Vamos hoje falar do troço pobre da linha da Beira Baixa que unindo as cidades da Covilhã e da Guarda sempre foi tido em má conta pelos iluminados administradores da ferrovia portuguesa, quer pela parte da infraestrutura, quer pela parte da exploração da operação ferroviária.

E esta visão mentecapta foi comum às duas administrações quer quando as mesmas estavam integradas numa só quer quando passaram a ser autónomas.

A intenção de atingir a cidade da Guarda, pela Beira Alta, via Pampilhosa, Santa Comba Dão, Mangualde, etc., esteve sempre ligada a uma génese de uma empresa, a companhia da Beira Alta, que procurou explorar a ligação da zona de Salamanca em Espanha com a zona costeira na Figueira da Foz.
O desiderato procurou aproveitar uma movimentação de passageiros, espanhóis, em movimentação balnear para a estância da Figueira da Foz. Por acréscimo, aparecia a movimentação de mercadorias entre o porto da Figueira da Foz, ou próximos na zona costeira adjacente, e o hinterland centrado em Salamanca.

Também o percurso para a ligação europeia (SUD EXPRESS) beneficiava desta linha em relação às ligações já existentes através da Extremadura espanhola.

A construção da linha da Beira Baixa por outra empresa ferroviária aproveitando a subida do rio Tejo ao longo das suas margens, servindo a Beira Baixa com a sua Cova da Beira até à Covilhã e posterior ligação à Guarda oferecia grandes possibilidades de tráfego ferroviário que no entanto nunca foram devidamente exploradas.

Tenha-se em devida conta que o uso local da ligação Covilhã / Guarda é bastante limitado, quer em termos de passageiros directos, quer em mercadorias.

No entanto, o facto de as duas linhas ficarem unidas traz vantagens para o longo curso. Por um lado possibilita alternativa de ligação entre Vilar Formoso e o Entroncamento no caso de acidente numa das linhas que interrompa o tráfego de forma significativa. Mas também a possibilidade de em situações de um número elevado de comboios de mercadorias chegados à Guarda vindos da fronteira e destinados ao litoral do País poderem ser distribuídos pelos dois percursos num processo de gestão ferroviária das disponibilidades existentes.

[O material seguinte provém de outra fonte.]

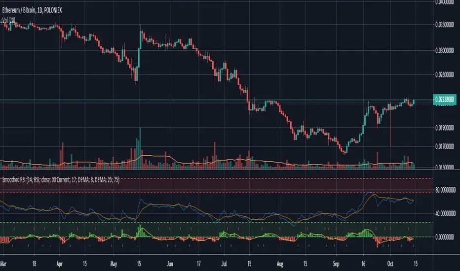 Added a histogram to show the difference between the actual RSI and Smoothed RSI.Also, added arrows above and below the 0 line to show when the Smoothed RSI changes directions.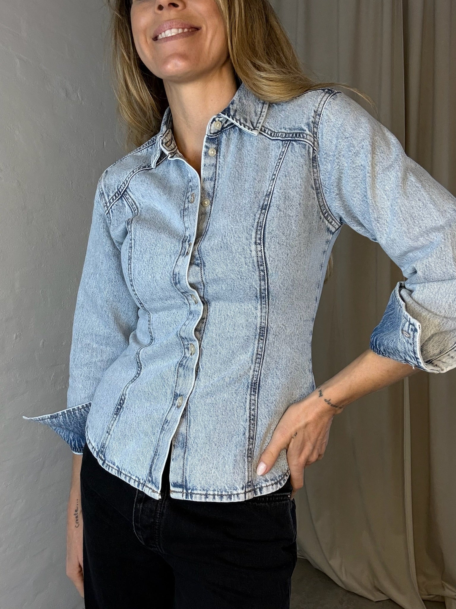 Denimskjorte som har en klassisk skjortekrave og lange ærmer med høje manchetter, der skaber et tidløst og stilfuldt look. Med knaplukning foran og en kort pasform er den designet til en afslappet, men alligevel velklædt stil.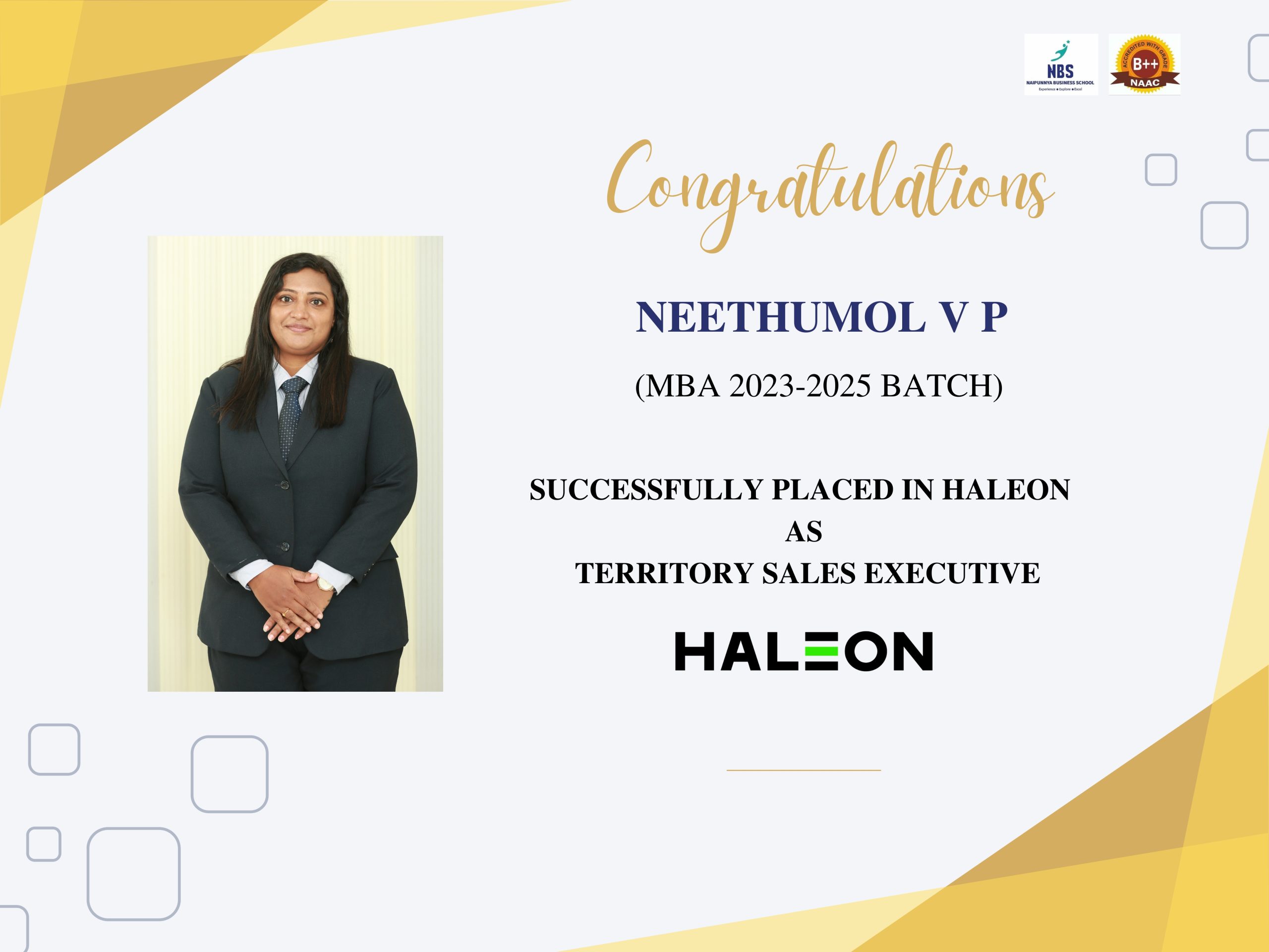 Naipunnya Business School (NBS), an offshoot of Naipunnya Institute of Management and Information Technology (NIMIT) was set up in 2012 for creating Business professionals who meet the standards of the present industry and culture.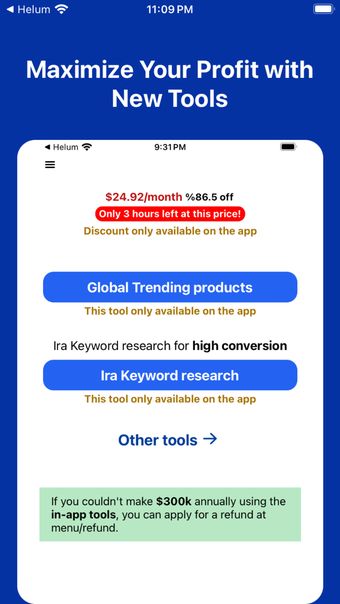 Helium 10 Trending Products, satıcılar için tasarlanmış yenilikçi bir uygulamadır. Bu uygulama, kazanan ürünleri keşfetmek ve listelemelerinizi optimize etmek için güçlü anahtar kelime araştırma ve ürün analiz araçları sunar. Pazar trendlerine derinlemesine dalarak, kârlı nişler belirlemeye ve veri odaklı içgörülerle stratejinizi geliştirmeye yardımcı olur. Hem yeni hem de deneyimli satıcılar için ideal olan bu uygulama, daha akıllı kararlar almanıza ve satışlarınızı artırmanıza olanak tanır. Satıcılar için en iyi araştırma aracı ile başarıyı açığa çıkarın.

Também em termos de gestão do serviço Intercidades com a existência da interligação das duas linhas tal proporcionaria que as citadas composições não teriam que inverter o seu movimento, quer na Guarda, quer na Covilhã, mas sim ao atingirem a Guarda prosseguirem na outra linha a sua viagem de regresso até Lisboa. Ou seja, um Intercidades que tivesse feito o seu percurso até à Guarda pela linha da Beira Alta regressaria a Lisboa transitando pela linha da Beira Baixa e inversamente.

Tudo o que atrás se afirmou é absolutamente clarividente para o cidadão médio, independentemente do nível universitário que tenha atingido, que observe o mapa das linhas férreas.

Para a classe clarividente e super iluminada das administrações não o é!!!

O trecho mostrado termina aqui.